Week 8 Flashcards
Define a repeated-measures design and what is it sometimes called?
Sometimes called “within-subject design”, the dependent variable is measured two or more times for each individual in a single sample.
Explain how a repeated-measures design differs from an independent-measures design.
Single sample as opposed to two or more samples.
Define a matched-subjects design.
Each individual in one sample is matched on a particular variable with an individual in the other sample.
Explain how a matched-subjects design differs from a repeated-measures design.
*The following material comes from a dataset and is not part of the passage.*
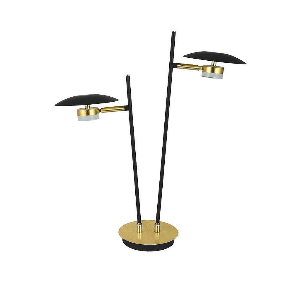 Two-light Surroundings Series Black-gold CABO CITY. It is composed of two DIRIGIBLES arms, made in metal, which are born from a central base, with a kind of also metal screens that crown the ORIENTABLE bulbs, and can direct the light directly to the area that you prefer to illuminate.

Repeated measures designs have perfect matching, matched-subject have partial matching.
Explain how a matched-subjects design differs from an independent-measures design.
Each sample is matched on variables rather than being two or more randomly selected groups.
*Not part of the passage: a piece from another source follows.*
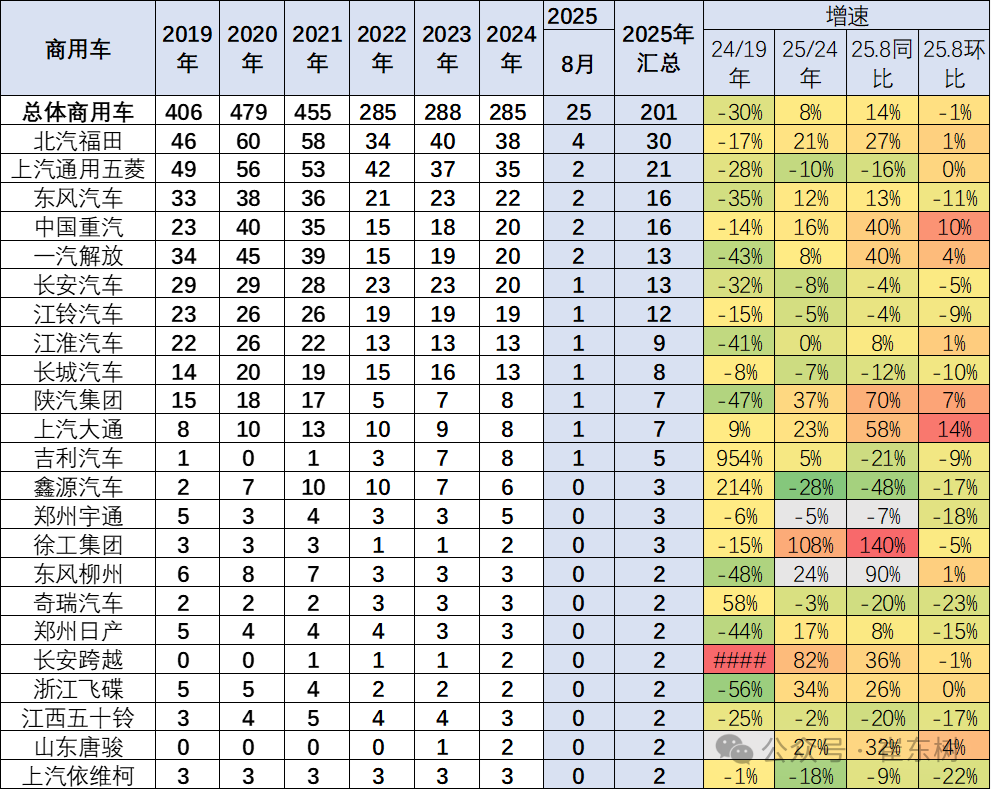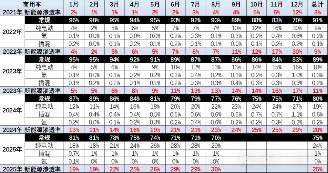 从2019-2021年,整个新能源商用车的渗透率在3%左右水平,2022年达到9%,2023年达到11%,2024年全年达到20%,2025年1-8月就达到渗透率25%的良好水平,体现了新能源商用车强势增长良好态势。

Describe the data that are used for the repeated-measures t statistic.
Uses D scores rather than X scores.
Describe the hypotheses for a repeated-measures t test.
H₀: μD = 0 and H₁: μD ≠ 0.
What are D scores?
The difference between X₁ and X₂ (before and after treatment).
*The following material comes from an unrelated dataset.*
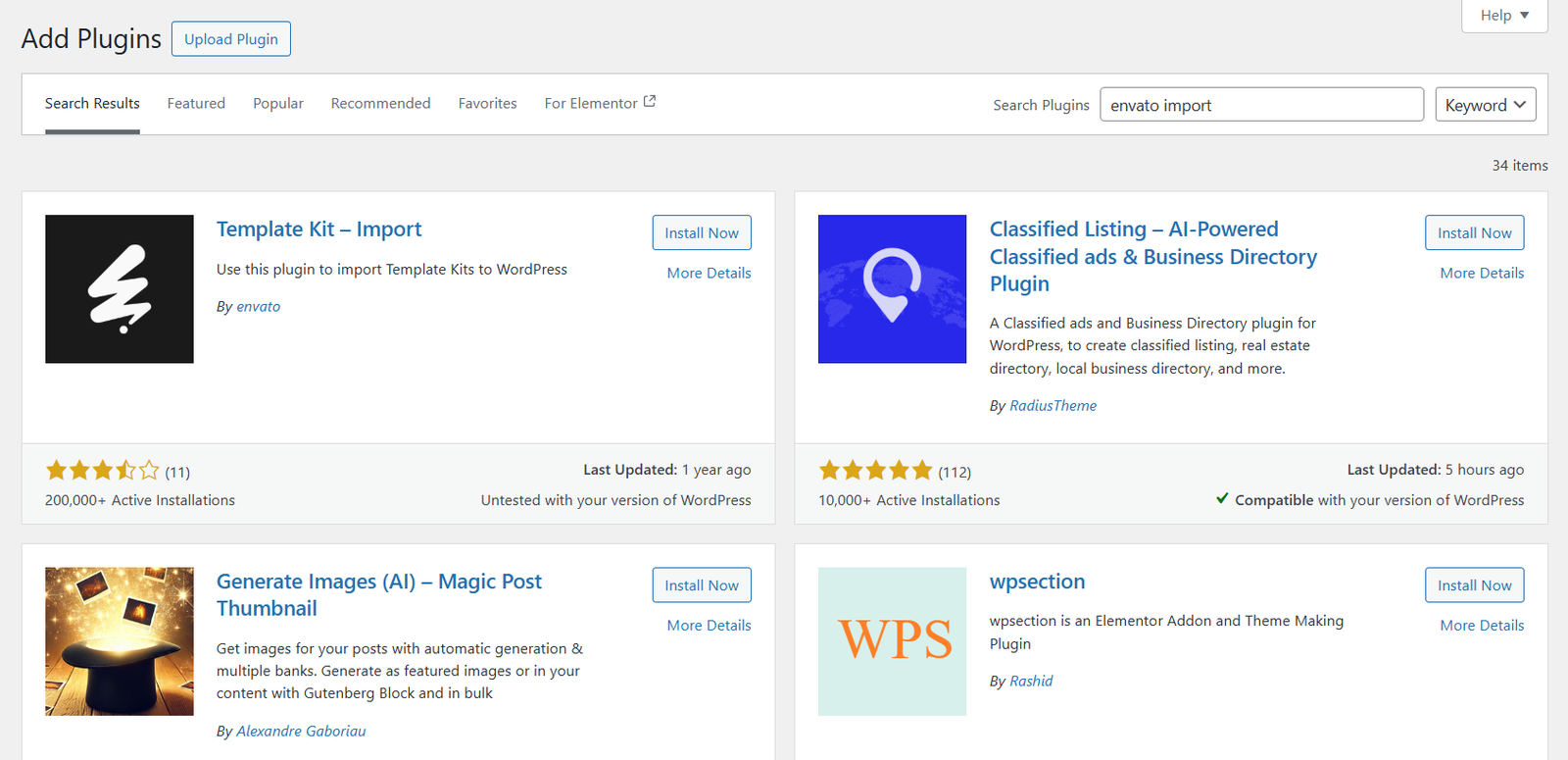 Search for Envato Import (The plugin will be called Template Kit – Import but searching this directly in the plugin tab doesn’t always work)

What is MD? (D is subscript)
Mean of D scores.
What is μD?
The mean of difference scores for the whole population.
What is the t-statistic formula for a repeated measures design?
t = MD - μD/sMD
What is sMD? (M and D are subscript)
The estimated standard error of MD.
The related-samples t statistic requires two basic assumptions, what are they?
- The observations for treatment condition must be independent.
- The population distribution of difference scores (D values) must be normal (or large).
What is the estimated Cohen’s d for repeated measures designs?
d = MD/sD
How does the r² test (better known as ω²) differ for independent measures t tests and repeated measures t tests?
It doesn’t, it is always r² = t²/t² + df.